Task description: Write the listing below out again exactly, dropping the images.

Exercise data:
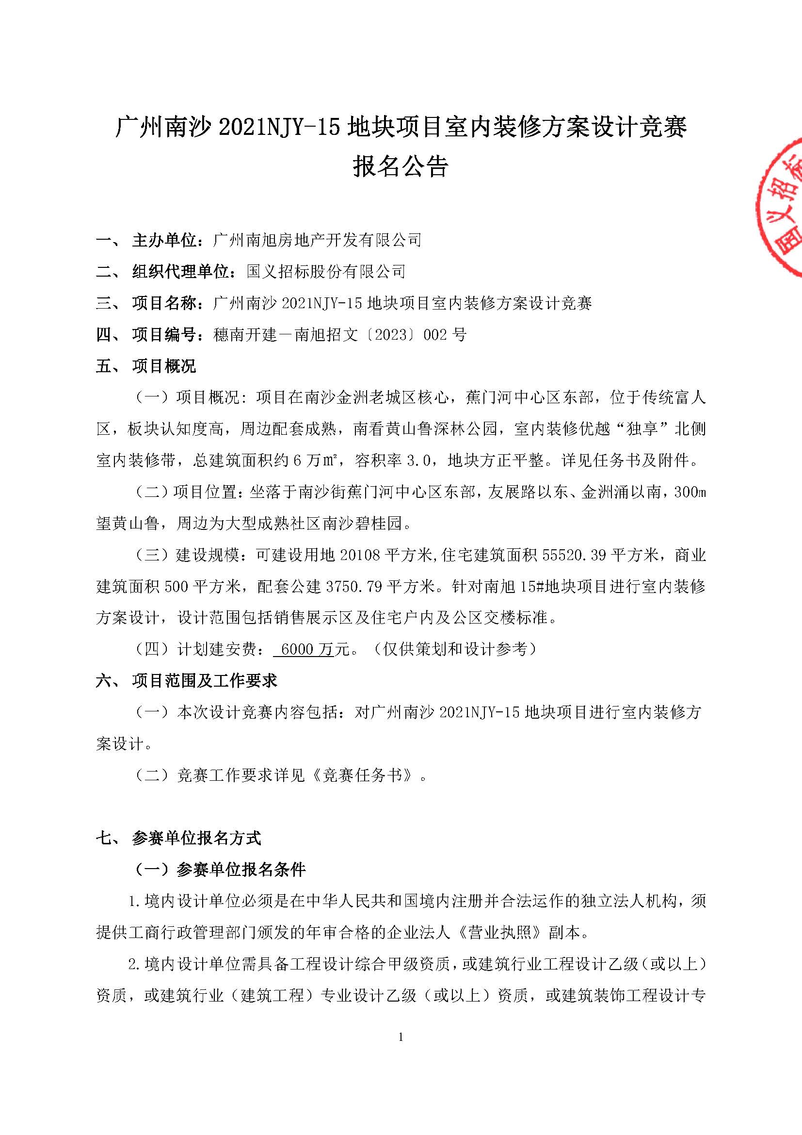广州南沙2021NJY-15地块项目室内装修方案设计竞赛报名公告
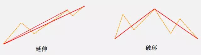 线段产生以后,若不在相反方向产生新线段,那么这个线段在同方向上继续延伸,否则称为线段被线段破环。
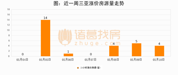 根据诸葛找房数据显示,三亚24小时涨价房源量为4套,较05月09日减少1套,环比下降20%。与此同时,涨价房源占比小幅回落,对于购房者来说是一个入市窗口期,购房者可抓住时机入市。

Result of this exercise:
广州南沙2021NJY-15地块项目室内装修方案设计竞赛报名公告
 线段产生以后,若不在相反方向产生新线段,那么这个线段在同方向上继续延伸,否则称为线段被线段破环。
 根据诸葛找房数据显示,三亚24小时涨价房源量为4套,较05月09日减少1套,环比下降20%。与此同时,涨价房源占比小幅回落,对于购房者来说是一个入市窗口期,购房者可抓住时机入市。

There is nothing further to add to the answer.